Interestingly, while Bush mentioned God just once, Bin Laden invoked God a dozen times. Many factors explain these differences, but one variable, gloomy in its implications for the future, is the respective age of the religions in question. Judaism as a historical phenomenon is about 4,000 years old, Christianity is 2,000 years old. By contrast, Islam dates from the 7th century; as the new kid on the block, it’s still full of fight.

Indeed, a look back at the history of all three faiths shows that the younger the belief, the fiercer. Here, for example, is how the Old Testament Book of Joshua describes the Israelite campaign to conquer Canaan: “And all the cities of those kings, and all the kings of them, did Joshua take, and smote them with the edge of his sword, and he utterly destroyed them, as Moses the servant of the Lord had commanded.”

Then came the Christians. Lamb of God notwithstanding, the early believers were mostly lions, which enabled them to beat back Attila the Hun and go on to evangelize not only Europe but also the Middle East and North Africa.

Next up: the Muslims. They were often more tolerant of Christians than vice versa, but nothing in Islamic theology stopped them from being aggressors. Less than a century after Mohammed’s death in AD 632, his followers crossed the Strait of Gibraltar and overran Spain.

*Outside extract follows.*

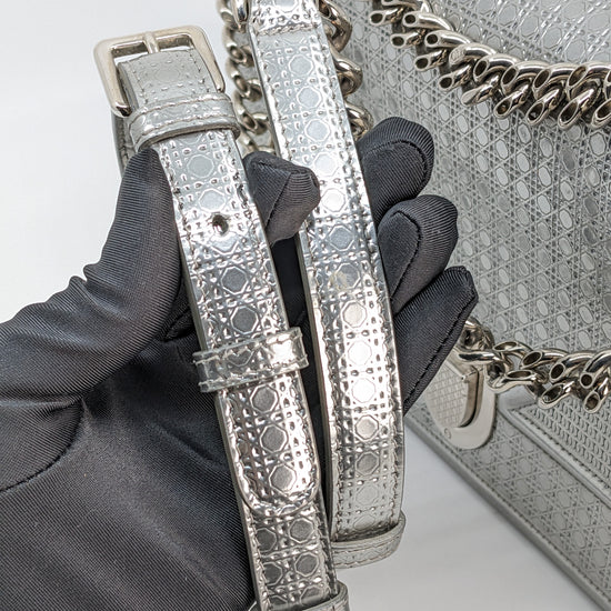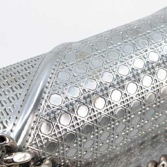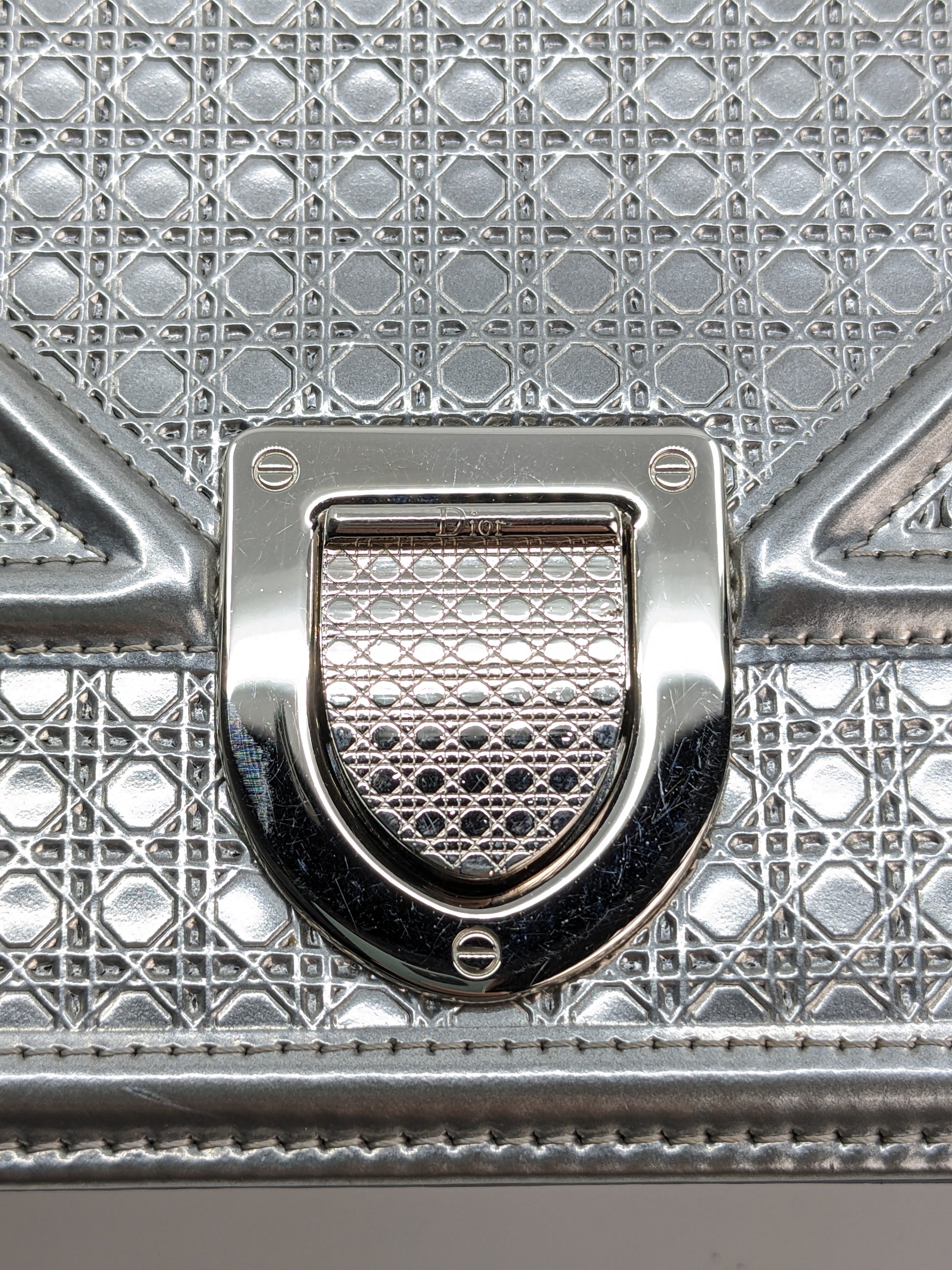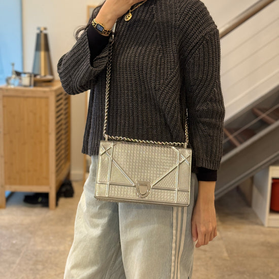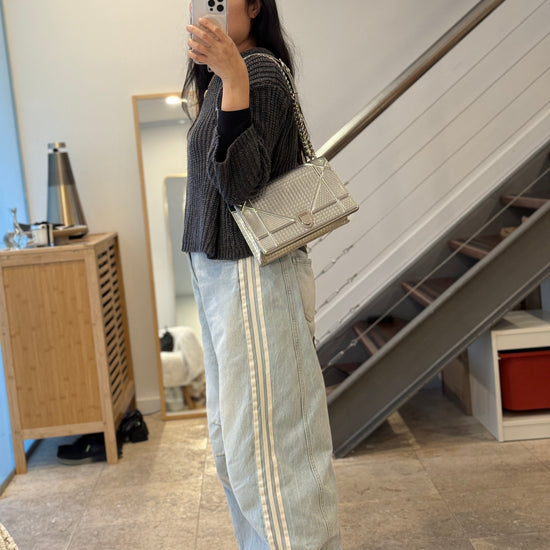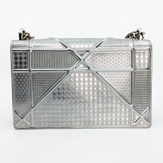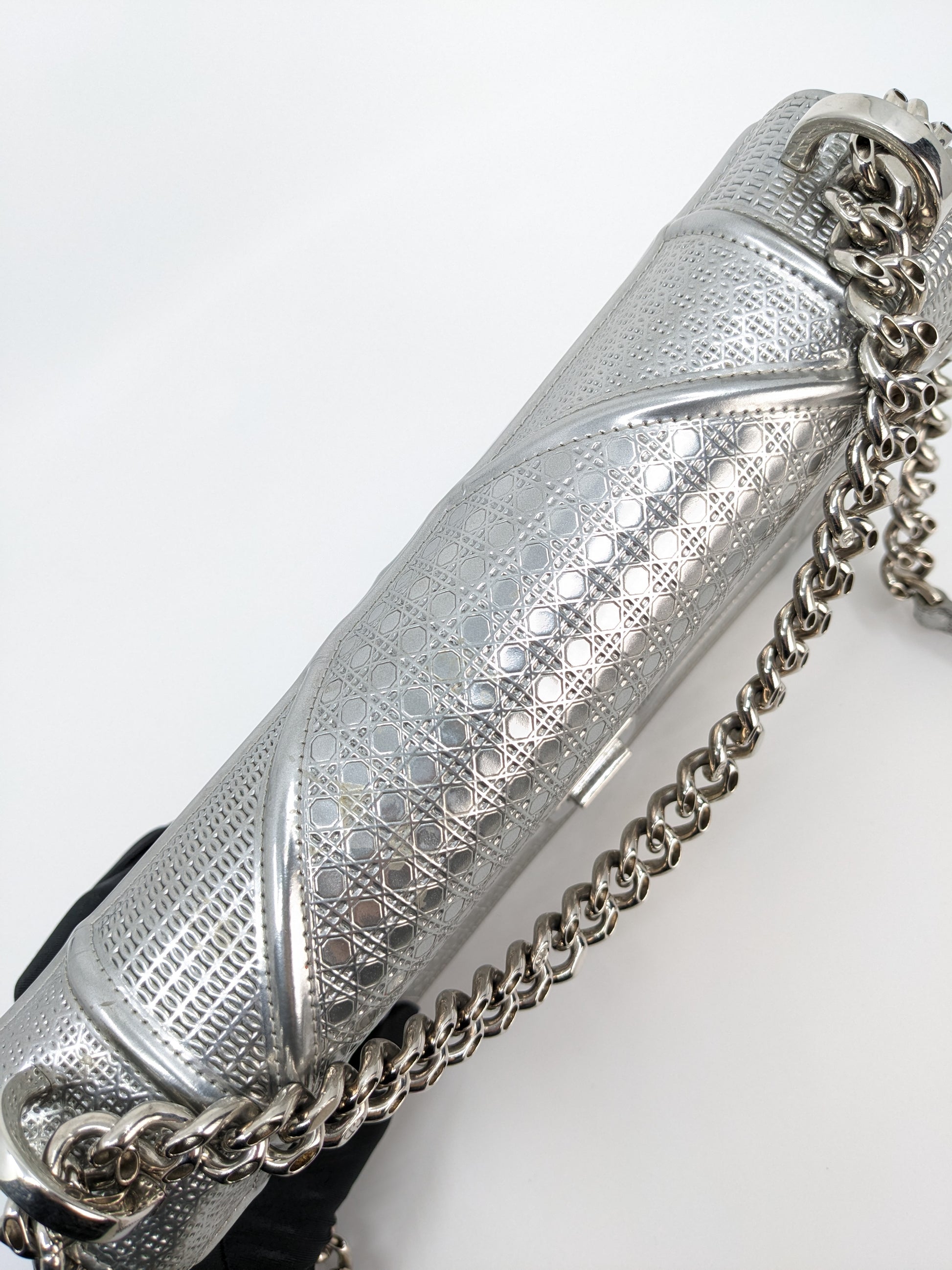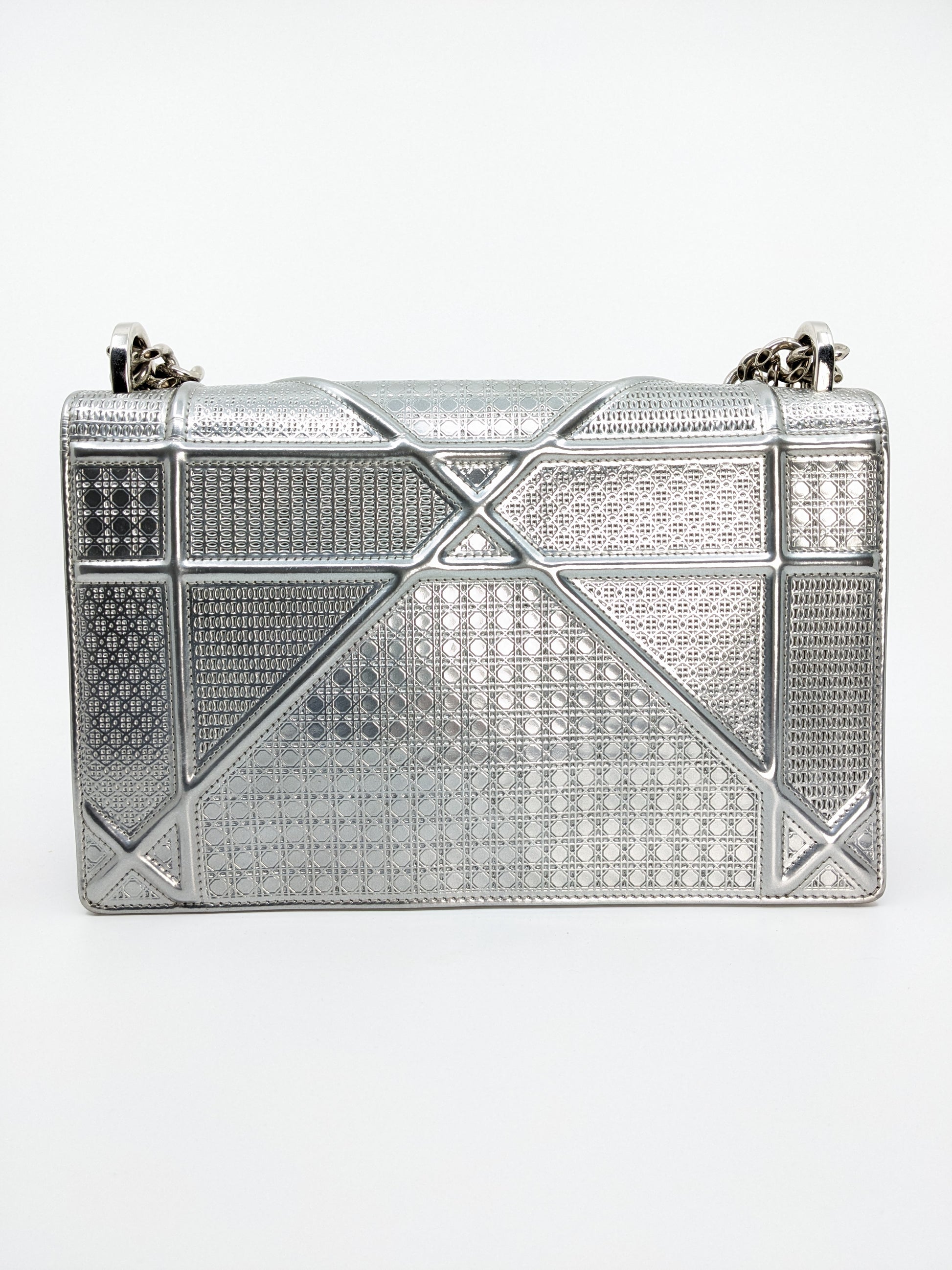 This eye-catching Diorama bag features silver metallic calfskin with a structured cannage motif and sleek silver-tone hardware (SHW).

They rampaged to within 150 miles of Paris until defeated by Charles Martel and his Frankish army at the Battle of Tours on Oct. 10, 732.

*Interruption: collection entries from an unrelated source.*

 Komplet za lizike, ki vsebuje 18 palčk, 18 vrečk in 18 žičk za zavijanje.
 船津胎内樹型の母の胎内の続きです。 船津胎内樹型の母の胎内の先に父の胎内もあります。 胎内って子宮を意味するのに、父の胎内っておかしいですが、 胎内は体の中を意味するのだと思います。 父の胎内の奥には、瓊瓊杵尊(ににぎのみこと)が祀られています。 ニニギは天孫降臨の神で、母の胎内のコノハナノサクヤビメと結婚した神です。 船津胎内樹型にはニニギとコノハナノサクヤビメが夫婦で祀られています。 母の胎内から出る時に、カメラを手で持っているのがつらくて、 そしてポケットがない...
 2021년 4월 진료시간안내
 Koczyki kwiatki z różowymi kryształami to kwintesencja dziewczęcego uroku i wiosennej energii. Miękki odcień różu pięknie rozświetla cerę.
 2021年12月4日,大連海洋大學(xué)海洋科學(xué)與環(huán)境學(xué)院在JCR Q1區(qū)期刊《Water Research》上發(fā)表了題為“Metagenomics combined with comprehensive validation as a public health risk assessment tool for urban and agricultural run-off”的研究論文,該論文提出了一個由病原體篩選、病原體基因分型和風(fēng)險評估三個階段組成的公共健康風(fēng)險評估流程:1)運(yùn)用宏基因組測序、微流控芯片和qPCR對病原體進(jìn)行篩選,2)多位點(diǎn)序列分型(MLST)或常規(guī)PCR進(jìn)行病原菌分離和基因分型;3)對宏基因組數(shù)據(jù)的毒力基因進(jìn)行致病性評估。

After that, the Christians went on the offensive again. In 1095, Pope Urban II delivered a proclamation that read: “I, or rather the Lord, beseech you as Christ’s heralds to publish this everywhere and to persuade all people of whatever rank, foot-soldiers and knights, poor and rich, to carry aid promptly to those Christians and to destroy that vile race from the lands of our friends.” The result was the First Crusade, which captured Jerusalem in 1099.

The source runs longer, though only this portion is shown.